Here's my best attempt to put it into layman's terms:
We're looking at two sets of problems here, categorized by computational complexity; i.e. how much longer it takes to solve a particular kind of problem as you make the input set bigger. This is related to the idea of big-O notation; for a toy example, if I am looking for the biggest number in an unsorted array, I need to check every number, so it's O(n); it takes twice as long for an array twice as big. If it's sorted, though, it's O(1); no matter how big the array is (and ignoring the speed at which it can be accessed), it's going to take the same amount of time to pull up the first (or last) element.
P refers to the set of problems for which the big-O notation is O(n^k) for some constant k; in other words, they are solvable in polynomial time for a deterministic computer. These problems, among which number selection sort and maximum matching, are (loosely speaking) efficiently solvable, or at least solvable with predictable efficiency, by computers we can actually build.
NP is P but for a computer that isn't deterministic; that is to say, for a computer that can choose to do two different things based on the same input -- and magically choose the more useful one. Naturally, we do not have these computers -- and before anyone brings it up, no, quantum computers are not the same thing as nondeterministic computers. If we did, though, have computers that could intelligently choose to do different things with the same input and always pick the right thing, we could solve what are called NP-hard problems in predictable time. Instead, NP-hard problems can be solved by generating random solutions, the verification of which is not itself NP -- but nobody knows how long that's going to take. NP-hard problems are interconvertible, too, so a polynomial solution to one of them could solve all of them.
P=NP, it would utterly break most of the cryptography people use day to day (although not all of the cryptography we could use); primality testing is P but factoring is NP, so if P=NP we can determine everybody's private keys and read encrypted messages and destroy our current ability to securely send and receive information. One-way functions also depend on P != NP, so all our password hash functions would be useless too. It would allow for efficient solutions of traveling salesman, though, and some folding problems, so that would be nice. There are other implications but they're mostly too arcane to explain here.
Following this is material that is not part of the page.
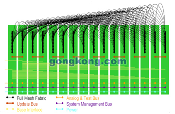 這是一種全新的數(shù)據(jù)連接結(jié)構(gòu),在這種"交換結(jié)構(gòu)"的支持下,任何一次數(shù)據(jù)釋放,不管它在哪一個連接器的哪一個Pin,都有一條單向的數(shù)據(jù)通路通向任何它想去的連接器的任何Pin。這種數(shù)據(jù)連接是通過一種交換元件動態(tài)地對數(shù)據(jù)通路進行連接和斷開,從而實現(xiàn)高速數(shù)據(jù)傳輸。
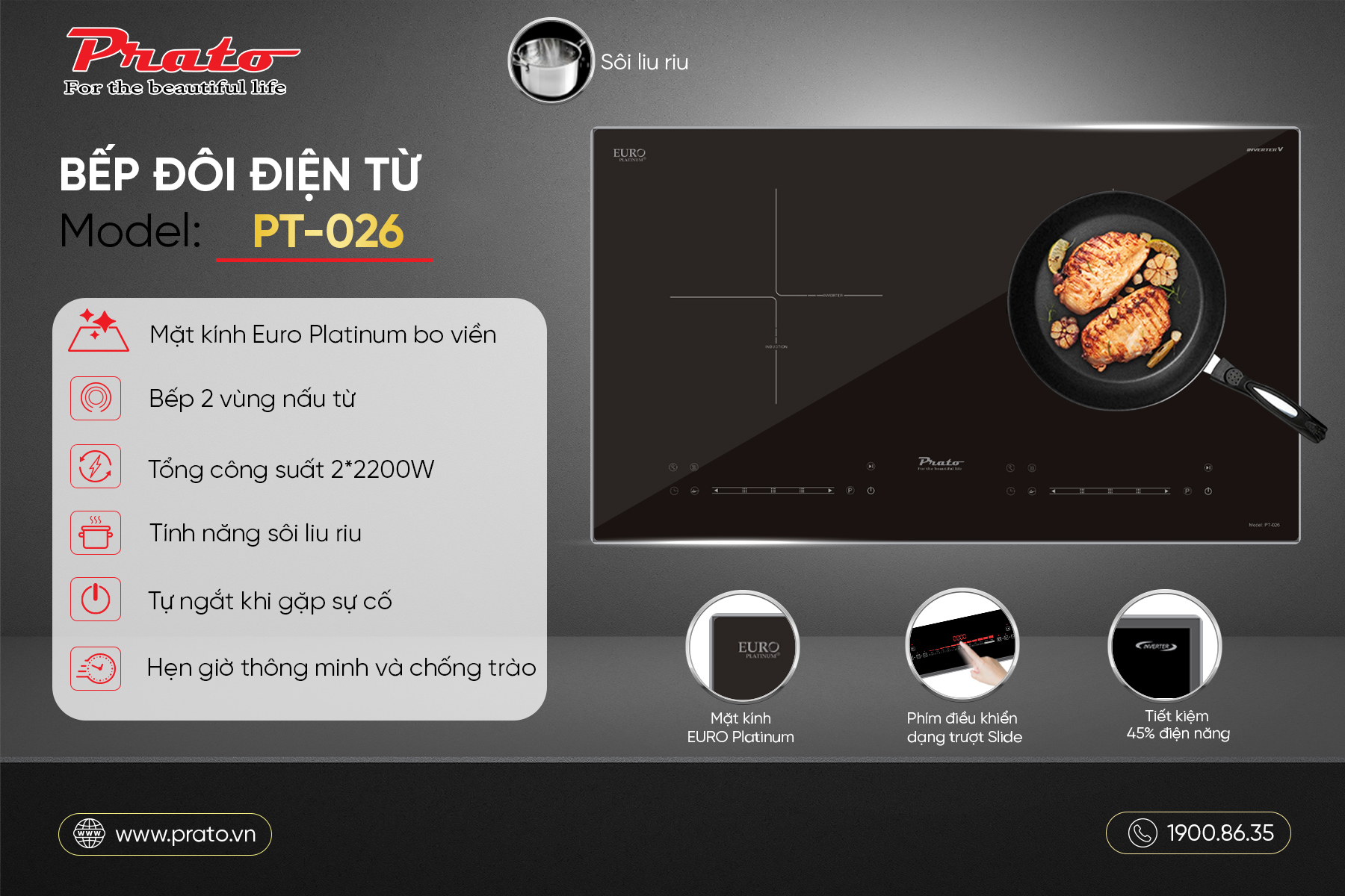 Bếp Từ Đôi Prato PT-026 – Giải Pháp Nấu Ăn Hiện Đại, Tiết Kiệm Và An ToànBếp từ đôi Prato PT-026 là dòng bếp từ hiện đại được phát triển nhằm đáp ứng nhu cầu nấu nướng nhanh, tiết kiệm điện và đảm bảo an toàn cho gia đình Việt. Sản phẩm kết hợp thiết kế sang trọng cùng công nghệ tiết kiệm năng lượng tiên tiến, mang lại trải nghiệm nấu ăn tiện nghi và bền bỉ. Thiết kế mặt kính EURO Platinum sang trọng và bền bỉPrato PT-026 sử dụng kính EURO Platinum cao cấp với:

On the other hand, if P != NP (as is increasingly likely)...not much changes, except that we don't need to worry about if P=NP. We may not need to worry about it anyway; just because a problem is polynomial does not mean it is easily solved with computers we actually have.
In the most banal of "practical terms", it won't matter to people outside of STEM either way; the kinds of problems a constructive proof of P=NP would make it more efficient to solve aren't the sorts of things most people solve, and we have stochastic ways of solving specific cases of NP-hard problems now, much as we do for problems in P where k is too large to bother solving optimally.